Dataset excerpts:
--- START ---

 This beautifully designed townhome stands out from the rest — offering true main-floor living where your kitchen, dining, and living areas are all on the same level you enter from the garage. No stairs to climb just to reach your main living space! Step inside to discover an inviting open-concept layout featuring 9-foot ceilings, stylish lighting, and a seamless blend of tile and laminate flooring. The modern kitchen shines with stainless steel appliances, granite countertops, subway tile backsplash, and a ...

--- END ---
--- START ---

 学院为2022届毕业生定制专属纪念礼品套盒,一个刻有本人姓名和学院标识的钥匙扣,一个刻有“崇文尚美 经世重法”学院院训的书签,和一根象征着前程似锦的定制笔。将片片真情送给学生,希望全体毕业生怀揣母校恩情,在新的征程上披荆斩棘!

--- END ---
--- START ---

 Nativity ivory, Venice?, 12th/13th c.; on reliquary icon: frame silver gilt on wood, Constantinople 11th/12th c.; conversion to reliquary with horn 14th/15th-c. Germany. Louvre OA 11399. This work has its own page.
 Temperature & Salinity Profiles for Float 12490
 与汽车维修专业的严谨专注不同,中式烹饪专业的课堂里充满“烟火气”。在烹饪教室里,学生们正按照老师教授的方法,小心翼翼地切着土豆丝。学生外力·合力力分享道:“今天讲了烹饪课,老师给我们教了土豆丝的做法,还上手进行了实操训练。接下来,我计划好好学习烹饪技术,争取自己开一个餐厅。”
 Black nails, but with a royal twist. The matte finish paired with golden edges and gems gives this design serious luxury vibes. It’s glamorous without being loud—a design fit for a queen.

--- END ---

What you are asked to do: From the material above, set down exactly the lines starting at the one with "Nativity ivory, Venice?, 12th/13th" and ending at the one with "Black nails, but", end lines included.

Answer space:
 Nativity ivory, Venice?, 12th/13th c.; on reliquary icon: frame silver gilt on wood, Constantinople 11th/12th c.; conversion to reliquary with horn 14th/15th-c. Germany. Louvre OA 11399. This work has its own page.
 Temperature & Salinity Profiles for Float 12490
 与汽车维修专业的严谨专注不同,中式烹饪专业的课堂里充满“烟火气”。在烹饪教室里,学生们正按照老师教授的方法,小心翼翼地切着土豆丝。学生外力·合力力分享道:“今天讲了烹饪课,老师给我们教了土豆丝的做法,还上手进行了实操训练。接下来,我计划好好学习烹饪技术,争取自己开一个餐厅。”
 Black nails, but with a royal twist. The matte finish paired with golden edges and gems gives this design serious luxury vibes. It’s glamorous without being loud—a design fit for a queen.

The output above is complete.